Shopping is an endless thrill. It gives a high that's unparalleled. It's powerful enough to make the most apathetic shopper succumb to his latent shopaholic impulses. But in today's fast paced life scouring shops and standing in painfully long queues makes shopping a gruelling experience. Online shopping has changed that. Today, buyers can just check out the multiple choices available on their laptops, snap up the best deals and their shopping is done. And one company that does that in style is Snapdeal.
Snapdeal is one of India's largest e-commerce companies. Launched in 2010, the online retailer boasts of a network of over 22 million members, over 4 million products across 500 categories and more than 20,000 sellers. The company caters to over 5,000 cities in India. Today, Snapdeal.com's platform enables sellers to list products for sale on the site, manage inventory, and make up-to-the-moment pricing changes.

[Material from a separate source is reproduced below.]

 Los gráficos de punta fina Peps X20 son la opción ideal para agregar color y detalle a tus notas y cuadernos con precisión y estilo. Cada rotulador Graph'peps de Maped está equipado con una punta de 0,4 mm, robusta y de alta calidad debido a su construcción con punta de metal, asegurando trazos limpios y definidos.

While that sounds impressive, the amount of pressure this enormity of business puts on Snapdeal.com is overwhelming. Its inventory and pricing management system had to process more than 500 writes per second (write operation in the database allows sellers to make changes to the price and inventory). In the meantime, buyers review and rate sellers for customer satisfaction based on their product experience, including shipping, delivery, and returns. All this had to happen in real time. However, as the company grew at a blistering pace, it was faced with the challenge of managing data real-time. "In two years, we have scaled more than 200 times--the number of products listed, the number of sellers, the amount of business they do, the number of servers, storage and the technology team--everything has grown 200 times," states Amitabh Misra, VP- Engineering, Snapdeal.

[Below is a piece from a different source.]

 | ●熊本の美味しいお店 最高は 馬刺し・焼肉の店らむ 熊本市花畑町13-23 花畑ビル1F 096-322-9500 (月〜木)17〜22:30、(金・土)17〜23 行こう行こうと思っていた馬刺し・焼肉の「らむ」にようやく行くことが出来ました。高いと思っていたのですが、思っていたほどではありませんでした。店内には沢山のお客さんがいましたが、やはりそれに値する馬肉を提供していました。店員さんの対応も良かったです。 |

To support its inventory and pricing system, Snapdeal had deployed 10 MongoDB NoSQL database servers with 5GB of data in DRAM as a cache in front of MySQL. As the seller base swelled and it started listing more products and making more changes in response to market dynamics, Snapdeal had to moderate the rate at which it was pushing updates--in terms of price and inventory. It had to spread them out evenly throughout the day as opposed to being able to absorb them in near real-time. Sometimes the updates had to wait for three hours and the sellers could not sell anything during that time. MongoDB's response times also shot up from 5 milliseconds to more than a full second. This compromised the buyer's shopping experience.
Moreover, Snapdeal anticipated its business volume would rise around Diwali and Misra wanted to address the challenge before it impacted business. "We needed our system response times to complete within 10 milliseconds, 95-99 percent of the time--even while our platform processed up to 10,000 reads per second," recalls Misra. With 500 percent growth in 2013, Snapdeal realized that it would require a high-throughput and low latency system that could scale from two million to 150 million records, from 10,000 to 30,000 reads per second, and from 30 to 500 writes per second. Misra started out by evaluating the available solutions on four parameters: Cost-effectiveness, the ability to perform concurrent reads and writes, scalability and performance. Most of the systems he reviewed failed to meet at least one of the four criteria.